Generate theoretically sound simulated data.

Primary LanguagePythonBSD 3-Clause "New" or "Revised" LicenseBSD-3-Clause


Simulated data are widely used to assess optimisation methods. This is because of their ability to evaluate certain aspects of the methods under study, that are impossible to look into when using real data sets. In the context of convex optimisation, it is never possible to know the exact solution of the minimisation problem with real data and it is a difficult problem even with simulated data. We propose to generalise an approach originally published by Nesterov (2013), for LASSO regression, to a broader family of penalised regression problems.

We would like to generate simulated data for which we know the exact solution of the optimised function. The inputs are: The minimiser b* (p-by-1), a candidate data set X0 (n-by-p), residual vector e (n-by-1), regularisation parameters (in our case they are two: k and g), the signal-to-noise ratio s, and the expression of the function f(b) to minimise.

The candidate version of the dataset may for instance be X0 ~ N(m, S), and the residual vector may be e ~ N(0, 1).

The proposed procedure outputs X and y such that

    b* = argmin f(b, X0, e, k, g, s),

with f a convex function that depends on the parameters defining the simulated data.

Oftentimes in linear regression, simulated data are generated such that

  (1)    y = X * b* + e.

If we want to evaluate an algorithm to minimise the LASSO problem

  (2)    0.5 * ||X * b - y||² + l * |b|,

where ||.||² is the squared L2-norm and |.| is the L1-norm, then we need to use e.g. cross-validation to find l. But the found l is very likely suboptimal, and in any case, we are forced to compare the solution to (1), which is not sparse.

This package thus provides the solution that minimises (2), instead of (1), namely b* and l. Which means that you will be able to compare both speed, sensitivity to noise, correlation, etc., and the actual solutions of different minimisation algorithms.

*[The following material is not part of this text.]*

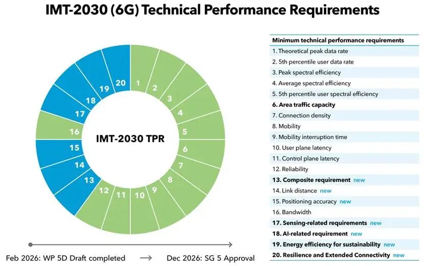 近日,国际电信联盟(ITU)宣布其下属无线电通信部门(ITU-R)5D工作组已于2026年2月通过协商一致,正式确定IMT-2030(6G)的性能要求草案。该项名为《IMT-2030无线接口技术性能最低要求》的草案共提出20项技术性能要求(TPR),其中7项为6G新增特有指标,旨在评估未来6G无线接口。

With this package, pylearn-simulate, it is straight-forward to generate such data. pylearn-simulate is written for Python 2.7.x.


The reference environment for pylearn-simulate is Ubuntu 12.04 LTS with Python 2.7.3, Numpy 1.6.1 and Scipy 0.9.0. More recent versions likely work, but have not been tested thoroughly.

Unless you already have Numpy and Scipy installed, you need to install them:

$ sudo apt-get install python-numpy python-scipy

In order to show plots and to run the examples, you may need to install Matplotlib:

$ sudo apt-get install python-matplotlib

Unless you have your own minimising software, we recommend that you download and install pylearn-parsimony (https://github.com/neurospin/pylearn-parsimony). While pylearn-parsimony is not a requirement to use pylearn-simulate, the examples are using it. Thus, in order to to run all parts of the examples, you will need pylearn-parsimony.


Easiest installation

Download pylearn-simulate and put it in your PYTHONPATH. Alternatively, put the directory pylearn-simulate/simulate/ in the directory of your project.

Recommended installation

Download the release of pylearn-simulate from https://github.com/neurospin/pylearn-simulate/releases. Unpack the file, go to the pylearn-simulate directory and type:

$ python setup.py install --user

for a local installation in the user's userbase directory (usually in ~/.local/lib/python2.7/site-packages on Unix-like/-based operating systems, such as Linux and OS X, and in %AppData%\Python\Python27\site-packages on Windows), or

$ sudo python setup.py install

for a global installation accessible to all users. You will need to have administrator rights on your computer in order to install software for all users.

You are now ready to use your fresh installation of pylearn-simulate!


See the examples in pylearn-simulate/examples/.